Bank of Palestine announces a net profit of $24.72 million for the first half of 2017
Total assets up by 13.06 per cent at $4.65 billion compared with $4.11 billion at year end of 2016.
Bank of Palestine (BOP), announced its half year 2017 preliminary financial results reporting a gross income of $108.34 million in H1 2017, compared with $82.49 million for the same period in 2016, reflecting an increase of 31.33 per cent. The bank’s Profit before tax is up by 10.68 per cent with $34.97 million compared with $31.59 million in the same period of 2016, with a net profit achieved of $24.72 million.
Total assets grew by 13.06 per cent reaching $4.66 billion compared with $4.12 billion at the end of 2016. The Bank’s total shareholders' equity reached $418.2 million with an increase of 3.62 per cent compared with $403.57 million at the end of 2016.
Commenting on the results, Hashim Shawa, Chairman and General Manager of Bank of Palestine said, “Despite challenges in the market place, Bank of Palestine has maintained double digit organic growth across our financial indicators compared to same period last year. We have continued to enhance the strategy of diversification of income as an integral part of the overall growth strategy with positive results for our subsidiaries
Arab Islamic Bank and Palpay. Arab Islamic Bank had just issued an IPO resulting in the increase of the capital base to $75 million providing ample adequacy for growth in the Islamic banking operations of this subsidiary."
Growth was witnessed in customer deposits, loans, assets with a healthy capital adequacy for the bank at 14.25 per cent. With a Loan to deposit ratio of 67.47 per cent Bank of Palestine continues to have a strong liquidity position for further lending.
"Our future growth plans foresee untapped SME loans in unbanked and marginalised areas of the country and with the Jerusalem branch in the holy city becoming fully operational 3rd quarter 2017; a new inaccessible market in the past shall be served by the bank. We therefore shall continue the focus on Financial Inclusion programmes targeting youth and women. We have continued promotion of the saving programmes targeting children from birth until age 17 with a special incentive to encourage children to save from an early age. In addition to focus on retail business strategy with dedicated direct sales team to augment retail services, offering incentives for customers for using Bank credit cards in a bid to promote the culture of using cards," added Shawa.
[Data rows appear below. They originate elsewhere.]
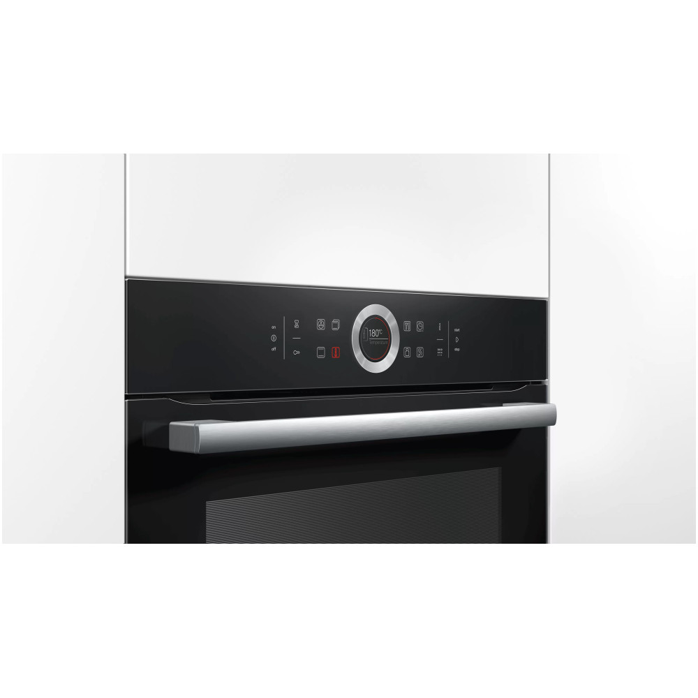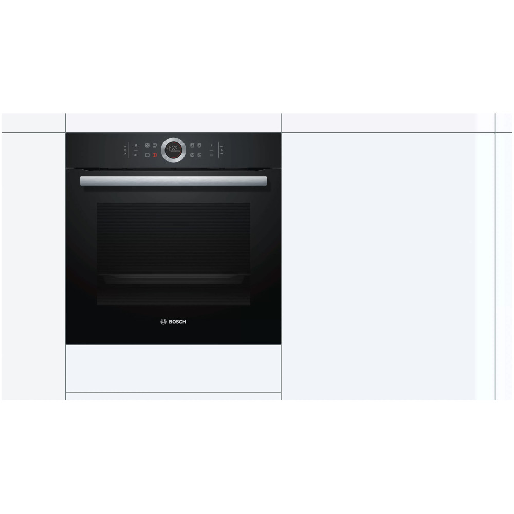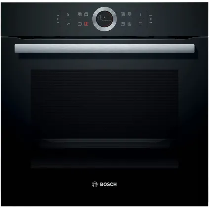 فر توکار بوش HBG675BB1 رنگ مشکی یکی از فر توکار های 2017 و سری 8 بوش به حساب می آید. این مدل ممکن است در برخی از فروشگاه ها به اختصار با مدل فر توکار بوش 675 نیز به فروش برسد که اشتباه است. این محصول در بازار با عنوان آون یا اون نیز معرفی می شود که از کلمه انگلیسی Oven به معنی فر گرفته شده است. آون توکار پیش روی شما ظرفیت 71 لیتر دارد و شما می توانید غذاهای مختلفی را در آن درست نمایید. فر توکار 71 لیتری بوش HBG675BB1 از نوع برقی است و امکان اتصال به گاز شهر را ندارد. این فر توکار دارای یک سیم برق 120 سانتیمتری است که با اتصال آن به برق می توانید دستگاه را روشن کرده و از آن استفاده نمایید. فر مذکور مجهز به المنت (هیتر) بالا، المنت (هیتر) پایین، المنت گریل (Grill) و کانوکشن (Convection) می باشد. به گفته بوش المنت گریل در این مدل، توان مصرفی 2800 وات و المنت کانوکشن آن نیز توان مصرفی 2200 وات دارد. همچنین به طور کلی این محصول توان مصرفی 3600 وات دارد و به همین دلیل برخی از فروشگاه ها ممکن است به اشتباه آن را به عنوان فر توکار 3600 وات بوش معرفی کنند اما مقدار گفته شده در واقع میزان برق مصرفی دستگاه می باشد. فر پیش روی شما قابلیت پخت ترکیبی غذا را دارد و شما می توانید دمای آن را از 30 تا 300 درجه سانتیگراد تنظیم کنید. به گفته بوش این دستگاه توانایی پخت کیک، شیرینی، بیسکوییت، پیتزا را دارد و حتی می توانید در آن ماست خانگی درست نمایید. همچنین شما می توانید مواد غذایی مثل میوه و سبزیجات را در این فر خشک، آب پز یا حتی کنسرو کنید. علاوه بر آن، می توانید خمیر را زودتر در آن به عمل آورده و در زمان صرفه جویی نمایید. این فر توکار برقی مجهز به 13 حالت پخت و پز مختلف است و شما می توانید به کمک آن غذاهای متنوعی را درست کرده و از آن لذت ببرید. پیشنهاد می کنیم پیش از شروع کار با فر توکار مذکور، دفترچه راهنمای آن را مطالعه نمایید. از مزایای این محصول می توان به قابلیت گریل کردن مواد غذایی اشاره کرد. شما می توانید برای گریل کردن مواد غذایی (بسته به اندازه آن ها) از حالت Grill, Large Area یا Grill, Small Area در این مدل استفاده کنید. حالت های گفته شده برای گریل کردن مواد غذایی از قبیل گوشت یا استیک کاملا مناسب است. در صورتی که می خواهید فن و گریل این دستگاه به صورت هم زمان عمل کنند می بایست حالت Hot Air Grilling را انتخاب نمایید. با انتخاب حالت مذکور المنت گریل و فن دستگاه در فواصل زمانی مشخصی روشن و خاموش می شوند که به گریل شدن یکنواخت و بهتر غذا کمک می کند. به گفته بوش حالت عملکرد گفته شده برای گریل کردن قطعه گوشت های بزرگ (مانند ماهی و مرغ) انتخاب بهتر و مناسب تری می باشد. در صورتی که می خواهید از قابلیت کانوکشن در آون توکار مذکور استفاده کنید می بایست حالت 4D Hot Air یا Hot Air Eco را انتخاب نمایید. با انتخاب حالت 4D Hot Air به کمک المنت پشت و فن هوای گرم در این محصول توزیع می شود در نتیجه شاهد پخت یکنواخت غذا خواهید بود. بوش مدعی است که شما با استفاده از حالت مذکور می توانید غذاها را به صورت هم زمان در چند طبقه (حداکثر 4 طبقه) از این فر قرار داده و نتیجه پخت یکسانی را تجربه نمایید. همچنین حالت Hot Air Eco نیز عملکردی شبیه به حالت قبل دارد با این تفاوت که برای پخت غذا در یک طبقه و مصرف انرژی کمتر پیشنهاد می شود. در صورتی که می خواهید مواد غذایی را در یک طبقه فر قرار دهید و گرما همزمان از بالا و پایین به آن داده شود، استفاده از حالت Top/Bottom Heating یا Top/Bottom Heating Eco پیشنهاد می شود. اگر غذا را در ظرف در بسته قرار داده اید و می خواهید به آرامی درون ظرف پخته شود، پیشنهاد می شود حالت Slow Cooking در این مدل را انتخاب نمایید. با انتخاب حالت مذکور حرارت به کمک المنت بالا و پایین به غذا داده می شود تا شاهد پخت ملایم غذا باشید. با انتخاب حالت Bottom Heating در این دستگاه تنها المنت پایین فر فعال شده و حرارت از پایین به غذا داده می شود. در صورتی که قصد درست کردن پیتزا در این فر توکار را دارید می توانید از حالت مخصوص تعریف شده برای این کار یعنی حالت Pizza Setting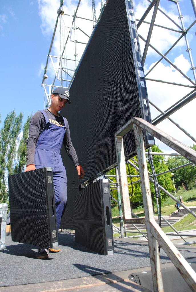 По словам руководителя подрядной организации Андрея Горлача, экран привезли из Киева и он является одним из самых больших в Украине.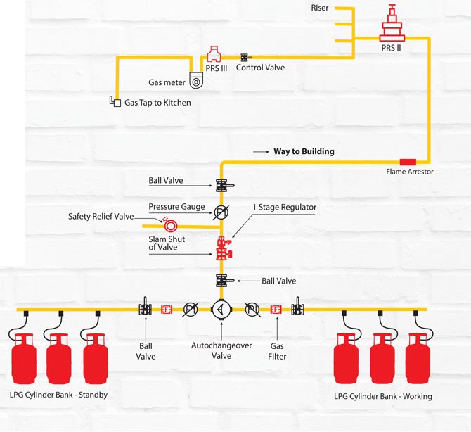 LPG cylinders are stored in a cylinders bank at the ground level and the regulators are installed in all the apartments. Special protected devices are installed in Gas bank. The system has multiple pressure regulation stages to supply LPG to user at low pressure and to make the system safer. This system is compatible to piped natural gas after the availability of natural gas in respective cities.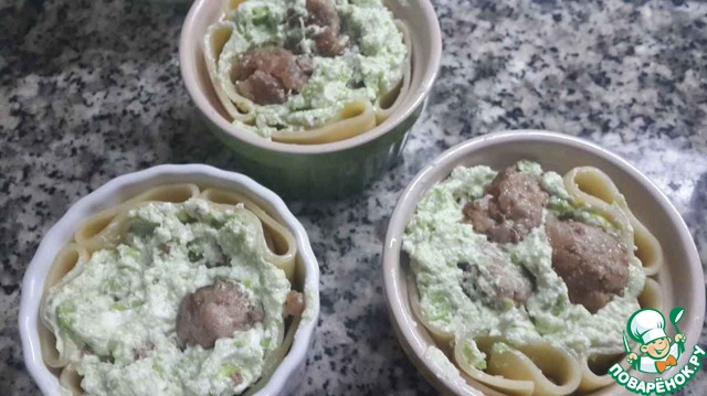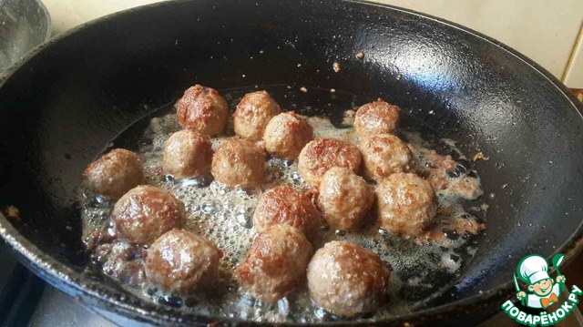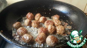"Утопить" в начинке обжаренные мясные шарики, сколько влезет, но без фанатизма.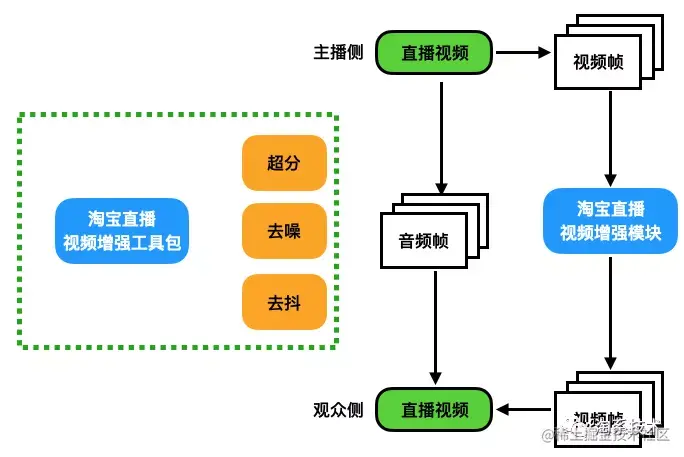 在淘宝直播的场景中,大主播有自己的专业设备与团队,直播出来的视频与音频都是比较高质量的。但是针对中小主播,用户的行为不可控。因此产生的结果就是很多中小主播产生的视频质量比较低,收获的观众数量也比较少。针对这种情况,我们选取了用户习惯产生最严重的几种情况,对这一类主播进行了画质增加的,显著提升了用户的直播体验。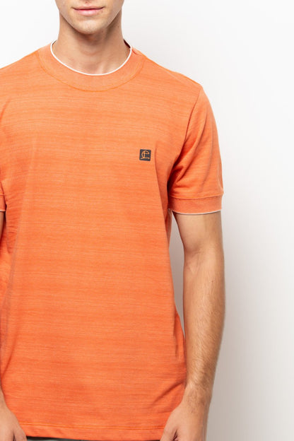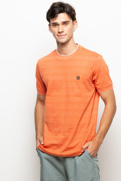 CAMISETA SUNSET COM GOLA E PUNHO TELHA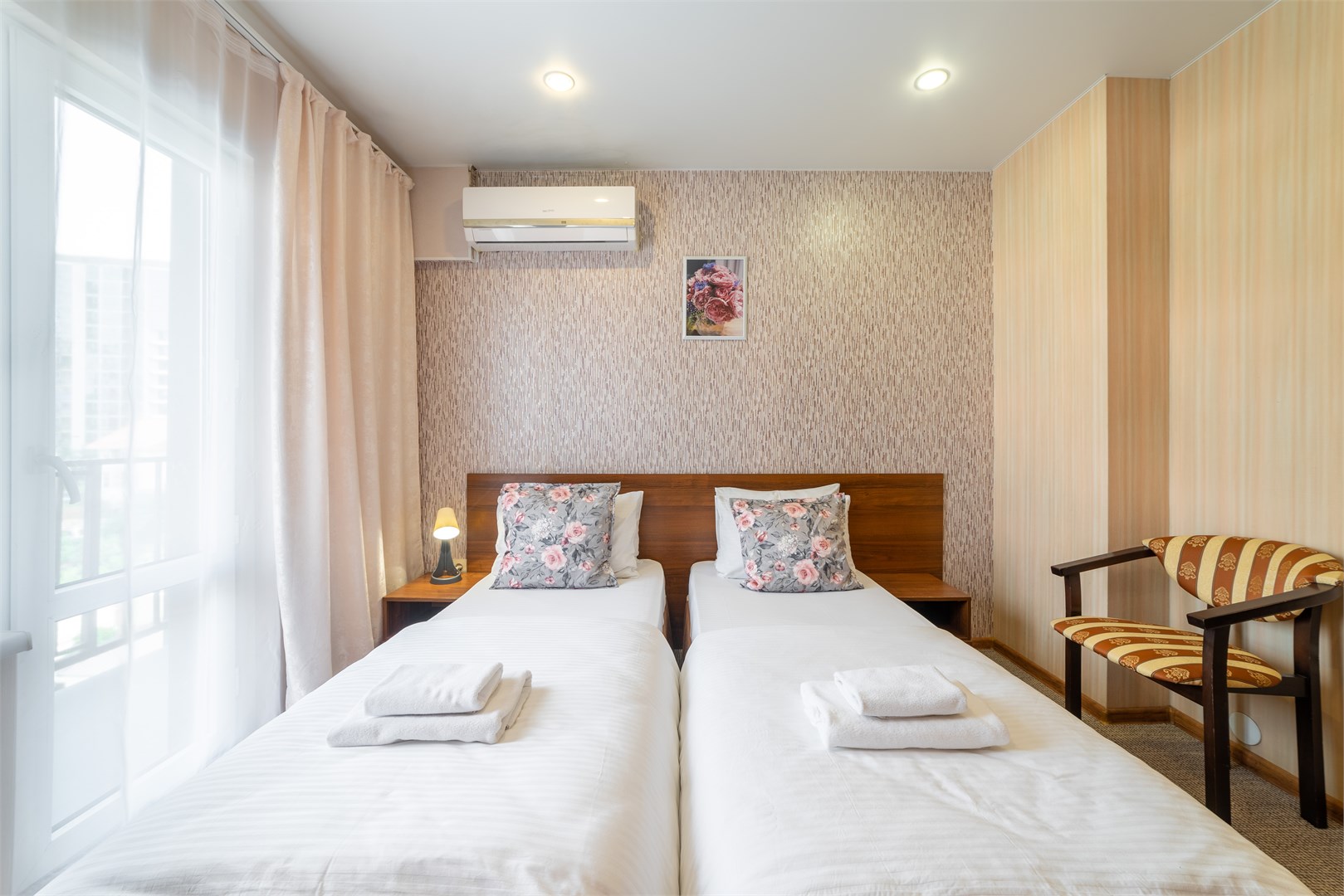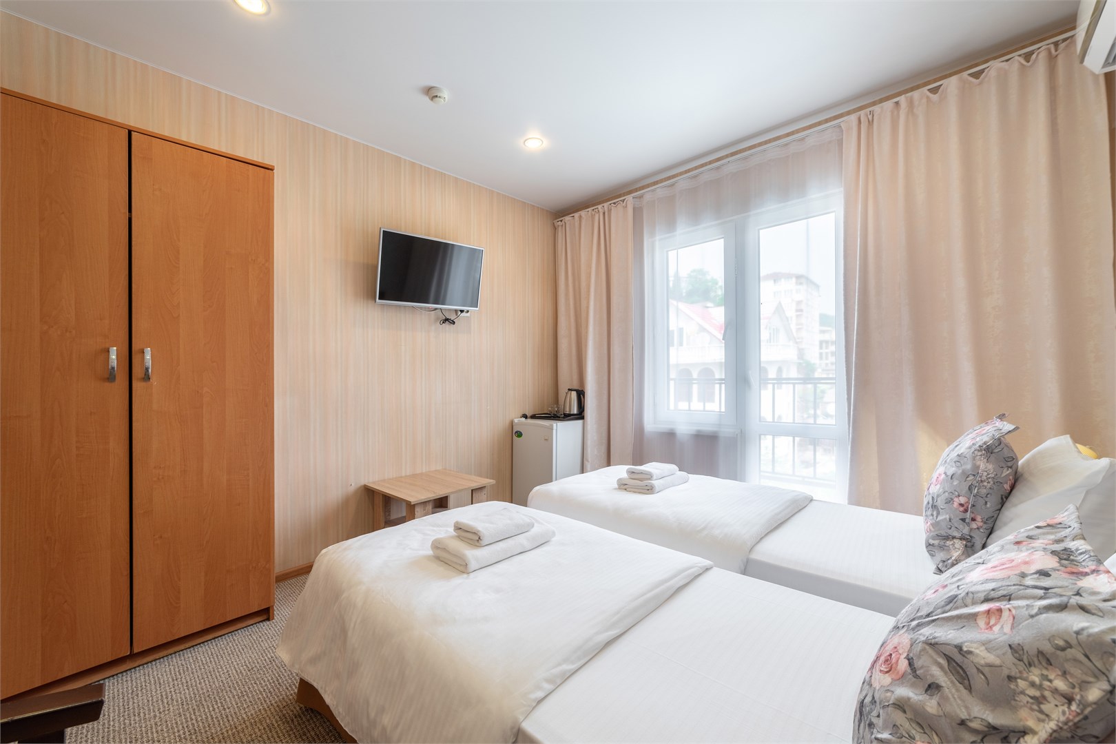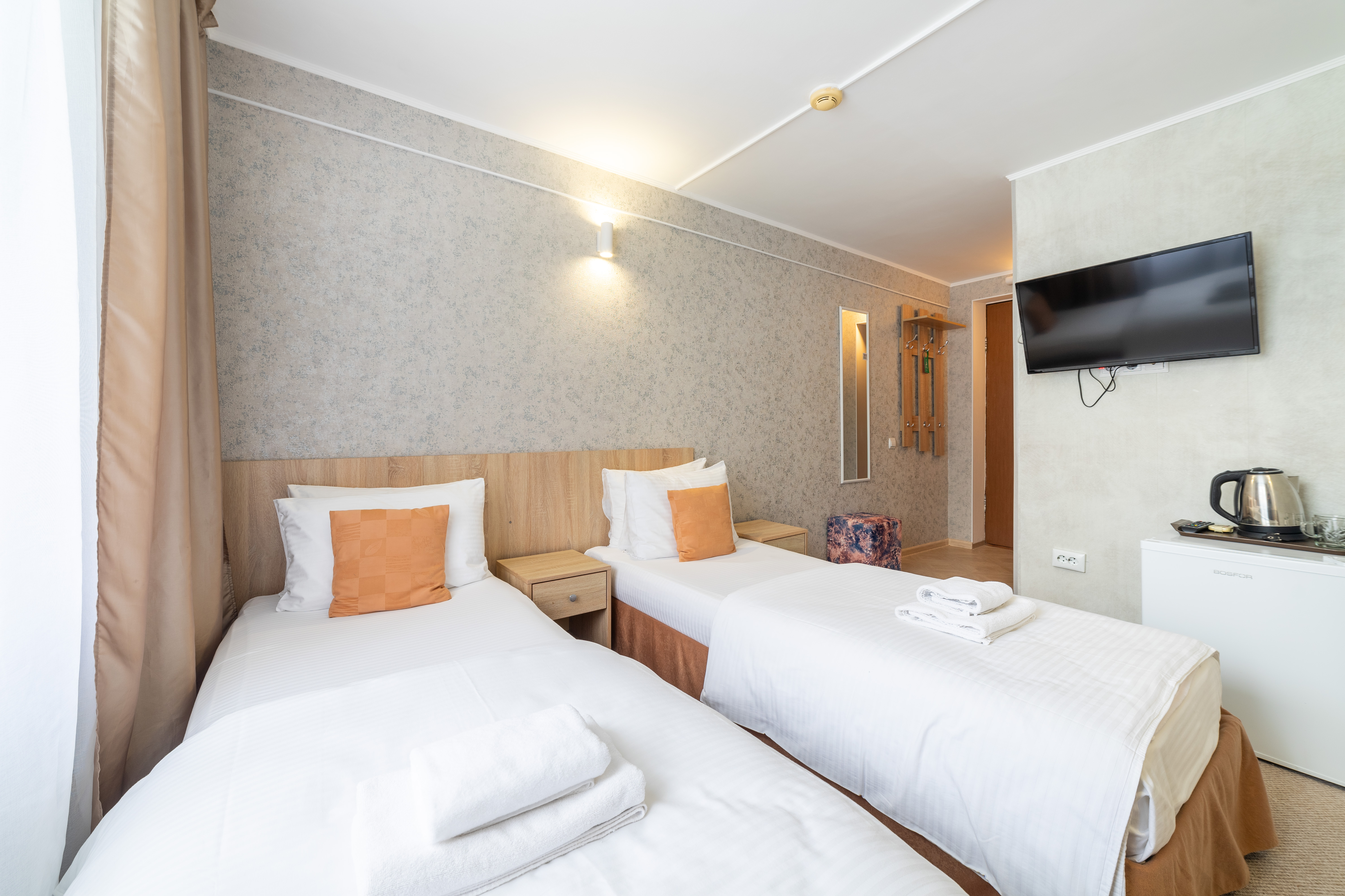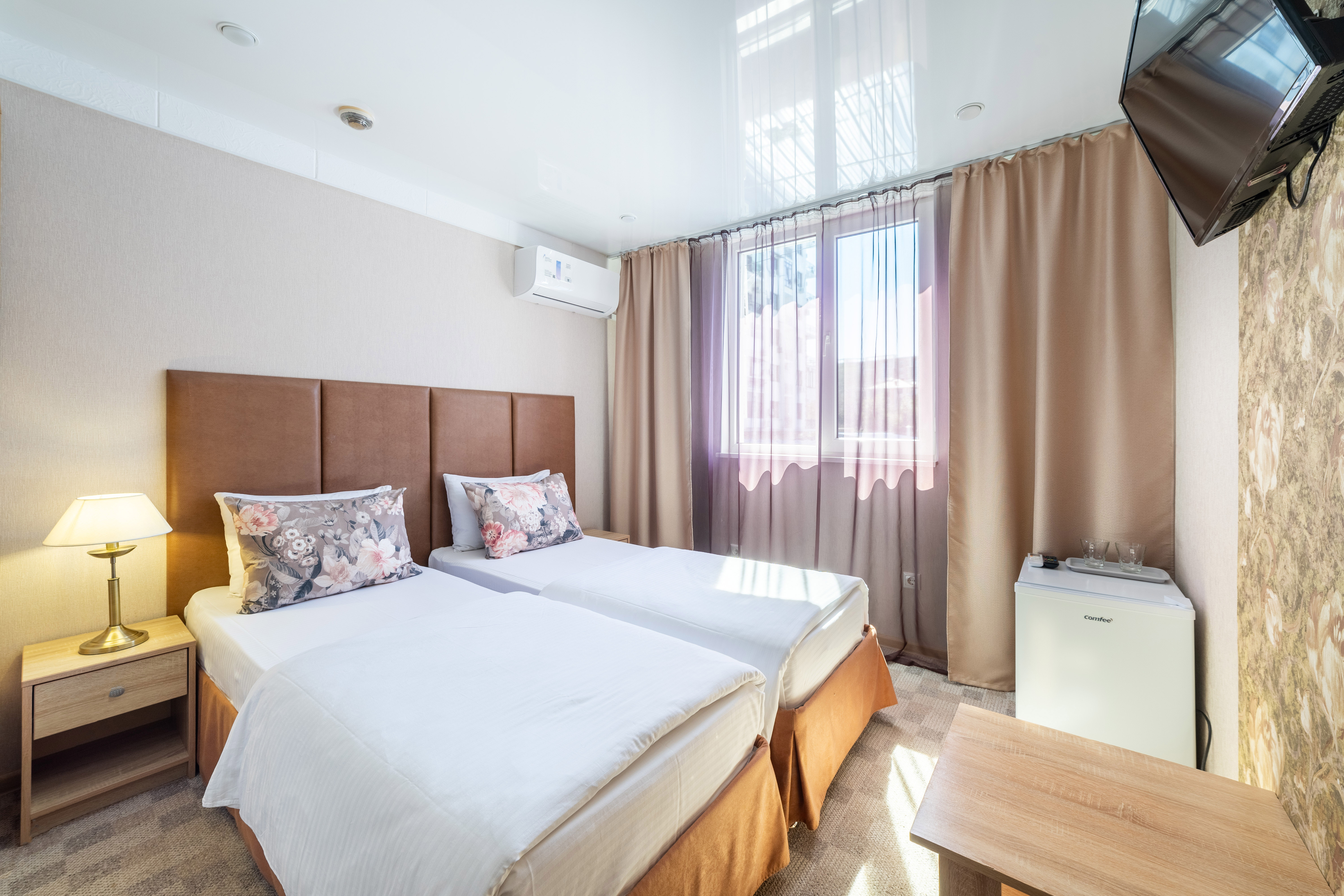 В номере: вешалка, зеркало, кровати односпальные, прикроватные тумбочки, стол, стулья, шкаф, кондиционер, мини-холодильник, телевизор

Customer deposits reached $3.56 billion at H1 of 2017, marking an increase of 13.33 per cent compared with $3.14 billion at end of 2016. The loan portfolio increased to $2.40 billion compared to $2.21 billion at the end of 2016 with a growth of 8.58 per cent. In tandem with the growth in the Bank's loan portfolio, the bank is keeping a very acceptable Non-Performing Loan Ratio at around 2.32 per cent while sustaining such organic growth.
Shawa concluded that the bank looks with a positive forward outlook into the future based on key external and internal developments taking place during the next period leading up to year end 2017.
Internationally, the Chile representative office officially opening 4th quarter of this year, tapping the diaspora potential in the Latin America region and bridging opportunities with the Dubai representative office and the Palestine head office; will enhance the Bank's international connection with Palestinian diaspora and regional-international investors garnering additional cross border business and transactions.
Domestically, the bank views with favour the enforcement of the new Electronic Transactions law, which is destined to help boost the Bank’s continuing efforts to improve the digital channels enhancing key electronic services like e commerce, international transfers and improving internal efficiencies.
Internally, the centralization of operations is underway with impact to be felt in optimization of resources, and customer service and efficiency helping the bottom line with positive impact on the results in the future.